▶ WORK TASK
Instruction for the entries below: return the part that opens with the line containing "圖為每天的午餐只能在工地解決" and closes with the line containing "Уверены, что не", exactly, and no pictures.

▶ EXTRACTED DATA
※ ※ ※

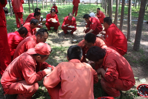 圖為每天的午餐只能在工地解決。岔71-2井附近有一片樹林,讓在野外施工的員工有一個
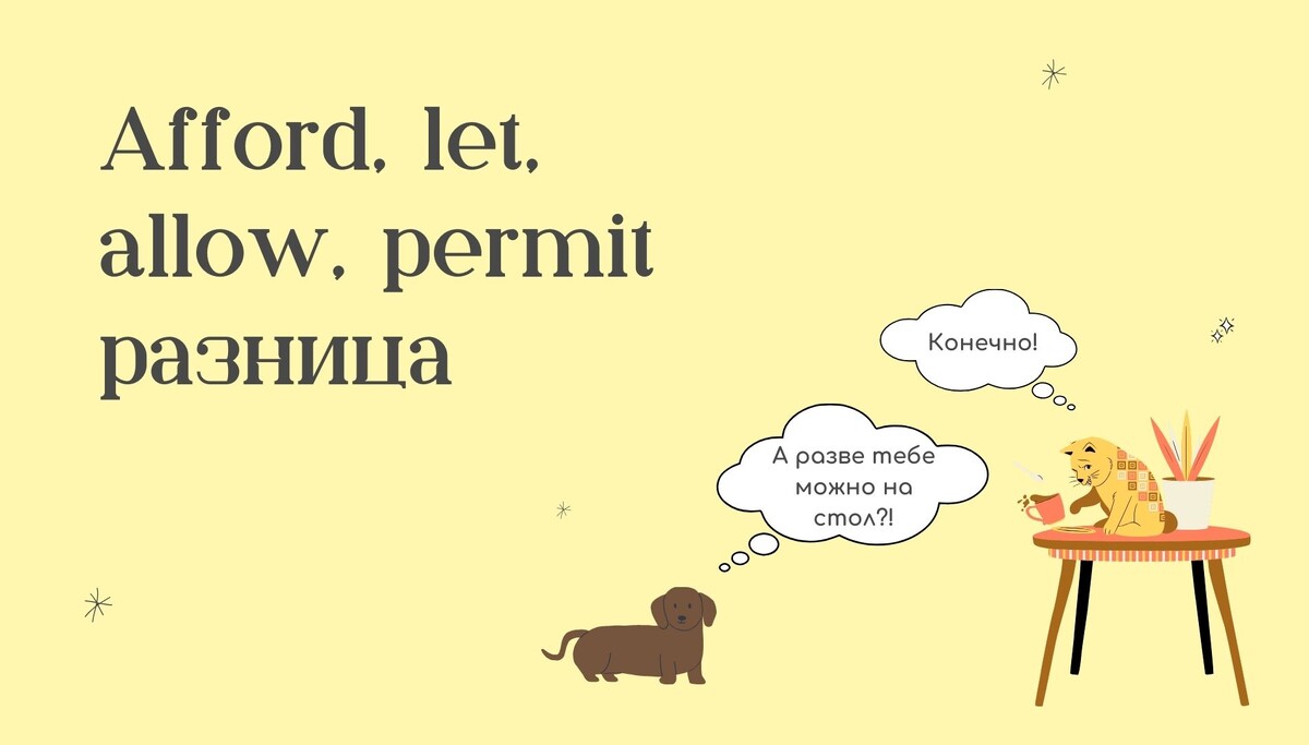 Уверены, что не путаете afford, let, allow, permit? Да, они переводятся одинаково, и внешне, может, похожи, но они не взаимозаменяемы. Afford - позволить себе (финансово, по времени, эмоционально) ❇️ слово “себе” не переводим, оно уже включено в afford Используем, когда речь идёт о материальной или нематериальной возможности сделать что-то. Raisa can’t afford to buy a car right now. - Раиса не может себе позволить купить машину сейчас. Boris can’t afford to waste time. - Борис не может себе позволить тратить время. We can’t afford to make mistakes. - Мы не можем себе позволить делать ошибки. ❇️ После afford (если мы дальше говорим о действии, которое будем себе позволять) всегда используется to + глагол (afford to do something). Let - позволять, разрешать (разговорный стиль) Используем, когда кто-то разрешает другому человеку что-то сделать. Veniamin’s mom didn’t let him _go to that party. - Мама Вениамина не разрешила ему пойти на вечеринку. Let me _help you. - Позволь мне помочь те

※ ※ ※

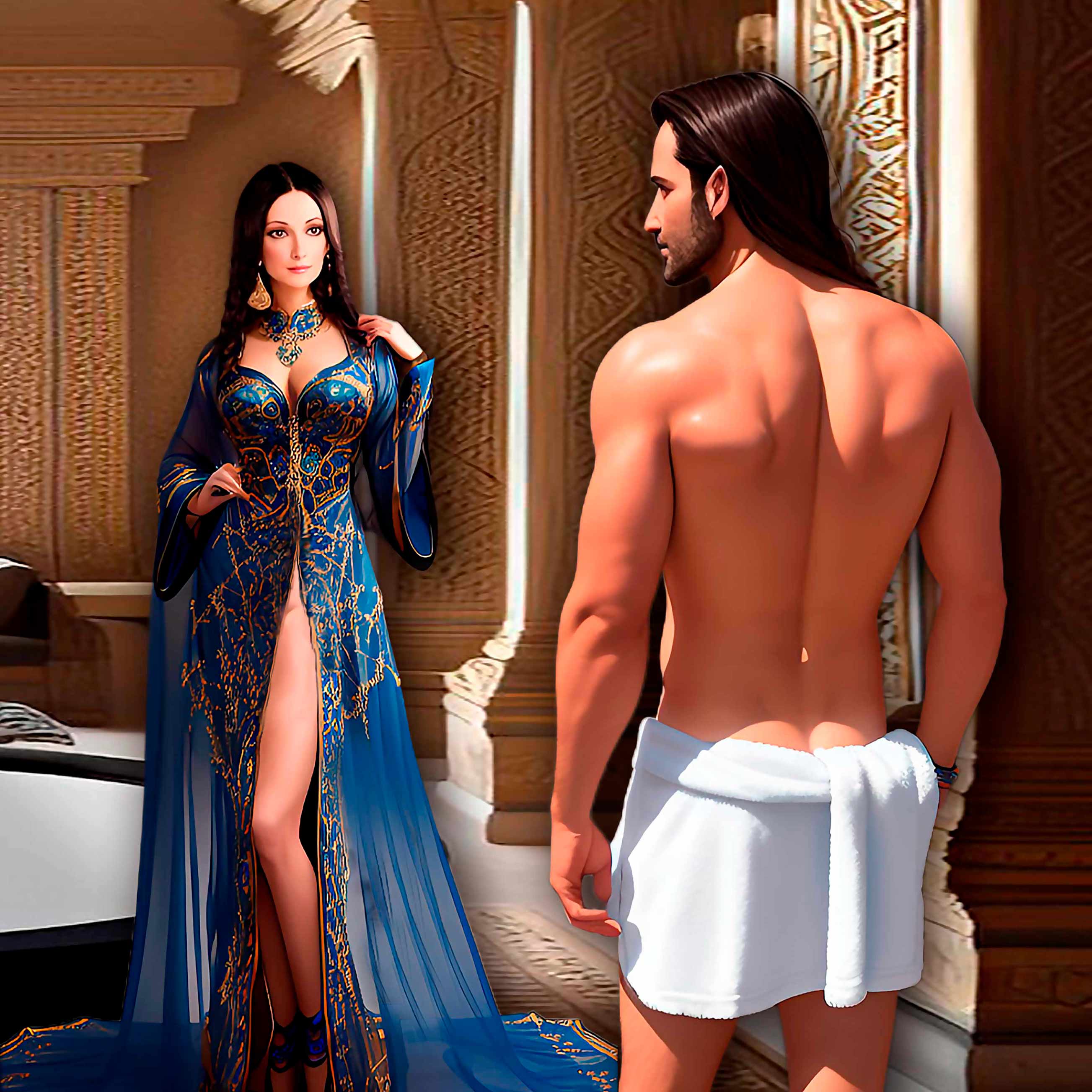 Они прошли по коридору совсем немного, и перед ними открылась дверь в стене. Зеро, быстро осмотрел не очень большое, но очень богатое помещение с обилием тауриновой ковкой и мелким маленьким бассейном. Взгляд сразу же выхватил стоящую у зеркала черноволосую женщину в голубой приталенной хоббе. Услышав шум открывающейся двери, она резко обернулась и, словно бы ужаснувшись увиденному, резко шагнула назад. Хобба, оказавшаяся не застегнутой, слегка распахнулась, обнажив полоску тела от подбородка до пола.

※ ※ ※

▶ THE COMPLETED TASK
 圖為每天的午餐只能在工地解決。岔71-2井附近有一片樹林,讓在野外施工的員工有一個
 Уверены, что не путаете afford, let, allow, permit? Да, они переводятся одинаково, и внешне, может, похожи, но они не взаимозаменяемы. Afford - позволить себе (финансово, по времени, эмоционально) ❇️ слово “себе” не переводим, оно уже включено в afford Используем, когда речь идёт о материальной или нематериальной возможности сделать что-то. Raisa can’t afford to buy a car right now. - Раиса не может себе позволить купить машину сейчас. Boris can’t afford to waste time. - Борис не может себе позволить тратить время. We can’t afford to make mistakes. - Мы не можем себе позволить делать ошибки. ❇️ После afford (если мы дальше говорим о действии, которое будем себе позволять) всегда используется to + глагол (afford to do something). Let - позволять, разрешать (разговорный стиль) Используем, когда кто-то разрешает другому человеку что-то сделать. Veniamin’s mom didn’t let him _go to that party. - Мама Вениамина не разрешила ему пойти на вечеринку. Let me _help you. - Позволь мне помочь те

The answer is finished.